Replies inline:
> > > One thing that confuses me about the paper is how to think about routing
> > > to a "channel" rather than a node -- ie the payment from "E->FG->A" where
> > > "FG" isn't "F" or "G", but "both of them".
> > Yes, I found it very difficult to think about, and I kept getting confused
> > between concepts like "user", "node", "channel", and "factory".
> > The thing that works best for me is to create a clear definition of each of
> > these terms, along with the term "party".
> Okay, that makes sense.

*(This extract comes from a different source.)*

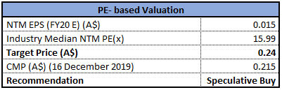 Stock Recommendation: As per ASX, the company’s stock is trading slightly above the average of its 52-week trading range of $0.145 - $0.285. As on 16 December 2019, the company’s market capitalisation stands at ~$165.21 million, with 768.4 million outstanding shares. FY19 was characterised by several acquisitions along with expansion of the clinic network and new market entry. Going forward, the company is aiming to implement scalable systems and business processes to drive growth in FY20. Considering the aforesaid facts, we have valued the stock using price to earnings based relative valuation method and arrived at a target price of lower double-digit upside (in % terms). Hence, we recommend a “Speculative Buy” rating on the stock at the current market price of $0.215 as on 16 December 2019.

I think it might work better to treat "node" as
> synonymous with "user" rather than "party" though -- that way you can say
> "you create a lightning node by running lightning node software such as
> lnd/cln/eclair/etc". That means not all vertices in the payment routing
> network are nodes; but all vertices in the *gossip* network are nodes,
> so that seems okay.
Yes, it's probably best to refer to a user who runs lightning node software as
being a "node".
On the other hand, it sounds really awkward to talk about routing in a directed
graph without using the word "node" in some form. Maybe "routing node" for
entities in the routing network?
> (I'm not sure "channel factories" is really the most evocative way of
> describing them -- at least when I think of a factory, I think the product
> should be accessible to everyone; but for channel factories you have to
> be involved in the factory's original mutlisig to be able to use one of
> its channels. Maybe better to call them "channel coops", where you're
> creating a little commune of friends/allies to work together with each
> other. Could be pronounced like "workers' co-op" or like "chicken coop",
> either way :)
Good point regarding "factories". I like "channel co-op" as an alternative.

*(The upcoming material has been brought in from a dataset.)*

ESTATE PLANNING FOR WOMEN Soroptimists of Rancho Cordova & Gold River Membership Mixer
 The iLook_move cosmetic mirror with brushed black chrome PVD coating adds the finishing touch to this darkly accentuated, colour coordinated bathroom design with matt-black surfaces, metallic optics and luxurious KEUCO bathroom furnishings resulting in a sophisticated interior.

> > * Logical Channel: a layer 2 construct that consists of all of the physical
> > channels owned by a specific pair of parties
> > - the size (capacity) of a logical channel is the sum of the sizes of
> > their physical channels
> > - (Footnote: It's possible, with a significant amount of software
> > development work that I in no way discount, to route a payment through a
> > logical channel where the payment traverses multiple physical channels at
> > the same time. This is done by using separate HTLCs, all sharing the same
> > secret, in each of the physical channels that the payment traverses. I can
> > write more about this if that would be helpful.)
> I think it might already be interesting to write a BOLT/BLIP for that?

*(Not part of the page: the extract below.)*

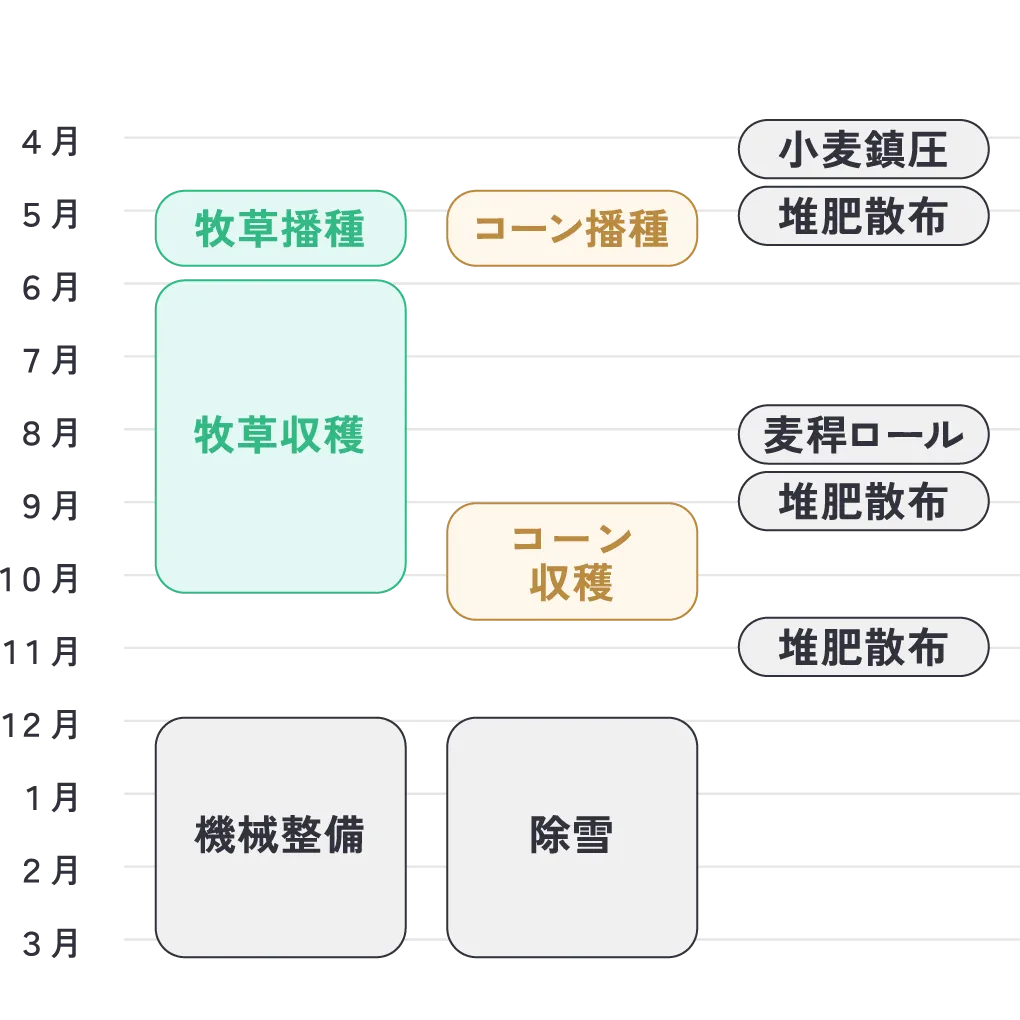 畜産農家からの委託を受けて、大型トラクターやハーベスターを用いて「牧草」や「デントコーン」の作付けや収穫、貯蔵作業をするのが主な仕事です。

> Having a single channel backed by multiple on-chain utxos is probably
> interesting for splicing (adding or spending a utxo while keeping the
> channel open on the other utxos might be able to be done more simply than
> splicing in general), and having multiple utxos might let you increase
> some of your channel limits, eg `max_accepted_htlcs` might be able to
> be increased to 483*U where U is the number of UTXOs backing the channel.
Sounds good. I'm glad to write something up, but I'm afraid it may take me a
few months.
> > > It feels like there's a whole
> > > mass of complications hidden in there from a routing perspective; like how
> > > do you link "FG" back with "F" and "G", how do you decide fees, how do
> > > you communicate fees/max_htlc/etc.
> > Regarding the specific issues you raised:
> > Q: How do you link "FG" back with "F" and "G"?
> > A: In terms of gossiping and the channel graph, you don't
> Yeah, I think that simplifies things substantially.
> I think the main thing that misled me here was the "CD->E->FG" payment
> chain -- it doesn't make sense to me why E would want to devote funds
> that can only be used for rebalancing channels, but not normal payments.
Actually, E's funds in the channels ((C,D),E) and (E,(F,G)) can be used for
normal payments. It might not seem attractive to do so, but there may be
reasons for doing just that (see below).
> Having that be CD->DE->FG seems like it would make much more sense in that
> model. (Though, obviously, no one except D and E could necessarily tell
> the difference between those two scenarios in practice, and just because
> something doesn't make sense, doesn't mean nobody will actually do it)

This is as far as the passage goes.